200g swiss brown mushrooms, quartered
1 eggplant, chopped
Freshly ground black pepper
Olive oil cooking spray
80g (1/2 cup) Blu Gourmet Pearl Couscous
4 trim lamb cutlets
1/2 x 425g can no added salt brown lentils, rinsed and drained
1/2 cup mint leaves
1/2 cup flat-leaf parsley leaves
Zest of 1/2 lemon
1 Tbsp fresh lemon juice
1 Tbsp red wine vinegar
1 tsp extra virgin olive oil
40g reduced-fat feta, crumbled
1 Preheat oven to 200°C (fan-forced). Line a roasting pan with baking paper. Put the mushrooms and eggplant in the pan and spray with cooking spray. Roast for 15-20 minutes, or until tender.

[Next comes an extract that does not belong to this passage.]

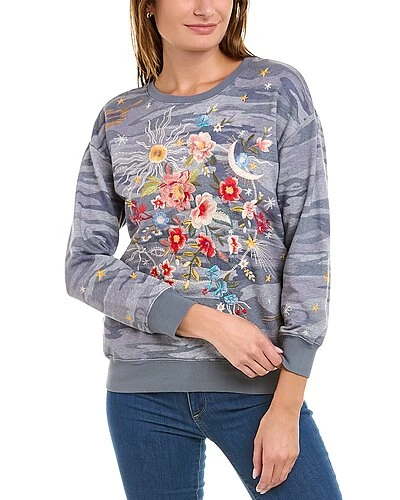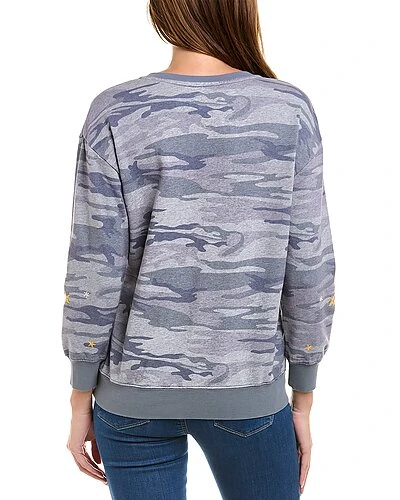 - Lissa Sweatshirt in indigo camo with embroidered design, dual side on-seam pockets, and ribbed trim

2 Meanwhile, put the water and couscous in a small saucepan. Cover and bring to the boil over high heat. Reduce heat to medium and cook, covered, for 10-15 minutes or until the couscous is tender and the water is absorbed. Transfer to a bowl and set aside to cool slightly.

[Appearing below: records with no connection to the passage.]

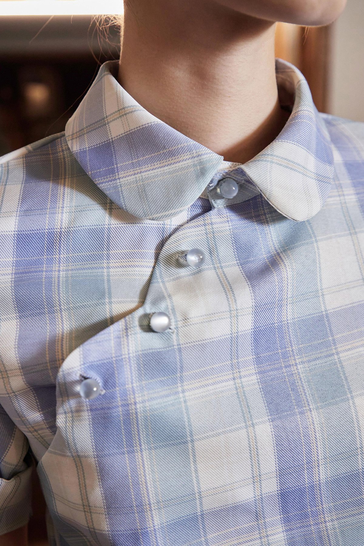 A top featuring a Peter Pan collar with scalloped button detailing, cuffed sleeves, subtle side slits on both sides, and a concealed back zipper for a clean finish.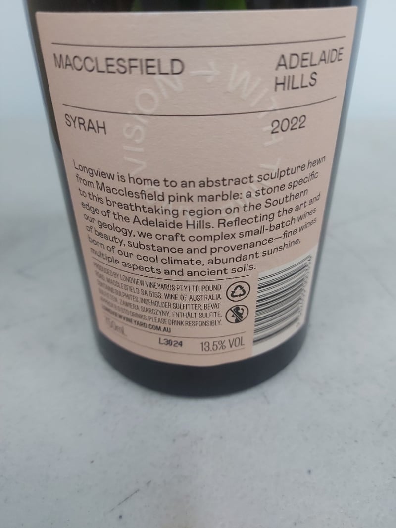 Syrah, 2022, Longview, 750ml, 13.5% alc/Vol, 6 x Bottles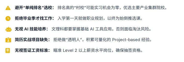 危害: 缺乏实战项目,文书空洞无物。建议: 积累可量化、有成果的真实项目经验(Project-based Learning)。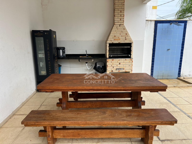 Área gourmet com churrasqueira, forno a lenha, pia e balcão com armários, chuveirão externo. Conta também com um banheiro externo, balcão e área de lavanderia. Vagas para 2 carros sendo uma delas coberta.

3 Preheat a chargrill on medium-high. Spray the lamb cutlets with cooking spray and season with pepper. Add to the pan and cook for 11/2 minutes each side or until cooked to your liking.
4 Add the roasted vegetables, lentils, mint, parsley and lemon zest to the couscous. Toss to combine. Whisk the lemon juice, vinegar and oil together. Season with pepper. Pour over the couscous mixture and toss to combine. Divide the salad between shallow serving bowls. Sprinkle with the feta and serve with the lamb cutlets.
[HEALTH TIP] Pearl couscous is low GI so it will keep you feeling fuller for longer and will help avoid spikes in your blood glucose levels.